世界で最も高く評価されている企業として急成長を続けてきた米アップルの勢いに陰りが出ている。1月26日に発表した2015年10〜12月期決算は8四半期連続の増益を確保したものの、売上高の伸び率は10四半期ぶりの低水準。稼ぎ頭のスマートフォン「iPhone(アイフォーン)」の販売台数は07年の販売開始以来、最低の伸び率となっている。背景にあるのは中国市場の減速や競合の激化や昨年9月に発売したアイフォーン6sシリーズが急成長を維持するだけの評価を得られなかったこと。アップルは中国市場への強気を捨てていないが、業績が転機を迎える可能性もある。
「今月に入って中国圏で軟調の兆しが出てきている」。アップルのティム・クック最高経営責任者(CEO、55)は1月26日の電話会見で、勢いを失った業績の背景に中国経済の減速があることを認めた。
クック氏は昨年10月の7〜9月期の決算発表では「中国圏のすべてのアップルストアを回ったが、世界中で最も忙しい状態だ」と説明。昨夏以降に表面化した中国経済減速の影響がアップルに悪影響を及ぼすとの見方を打ち消していた。しかし10〜12月期の中国圏の売上高は前年同期比14%増で、4四半期連続で記録した70〜112%の大幅成長から大きく減速。クック氏もアップルが抱える「中国リスク」を実感せざるを得ない状況になっている。

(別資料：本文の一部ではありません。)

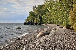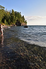 Einige Kilometer nördlich hatten wir auf der Satellitenkarte einer berühmten Kartenapp einen Stellplatz direkt am See erspäht und richteten uns dort für die Nacht ein. Man sollte nicht unerwähnt lassen, dass das Wetter an diesem Tag seine Späße mit uns zu treiben schien: kaum hatten wir den Rastplatztisch gedeckt, goss es wieder. Wir verlagerten das Abendbrot in den Wohnwagen und sahen während des Essens die Sonne hervorkommen. Auf der Karte war ein kleiner Strand nur wenige Schritte einen verwachsenen Weg hinunter zum Seeufer erkennbar gewesen und ich hatte das dringende Bedürfnis nach Bewegung. Als Anni im Bett war, machte ich mich auf die Suche nach besagtem Strand und kaum aus dem Staunen und dümmlich Grinsen nicht heraus. So ein traumhafter Ort! Der Steinstrand lag in einer einsamen Bucht umrahmt von hohen Felsen. Die großen runden Steine wurden von tosenden Wellen aus glasklarem Wasser überspült, während die Sonne tief am plötzlich strahlend blauem Himmel stand. Einige Minuten später kam Linnea dazu und auch sie war fasziniert von dem Fleckchen. Gemeinsam testeten wir die Wassertemperatur, um dann mit komplett nassen Klamotten den Rückweg anzutreten. Jan wurde genötigt, sich selbst ein Bild vom Strand zu verschaffen und Lina schnappte sich überglücklich den Badeanzug…

他の市場に比べて桁違いの伸び率をたたき出してきた中国市場はアップルの成長の原動力だった。
しかし市場関係者からは「中国市場はもはや他の市場の伸び悩みをカバーするだけの勢いがなくなっている」との声も目立つ。アップルは16年1〜3月期の総売上高は500億〜530億ドル(約6兆〜6兆4200億円)になるとしており、13年ぶりの減収に転落する見通しだ。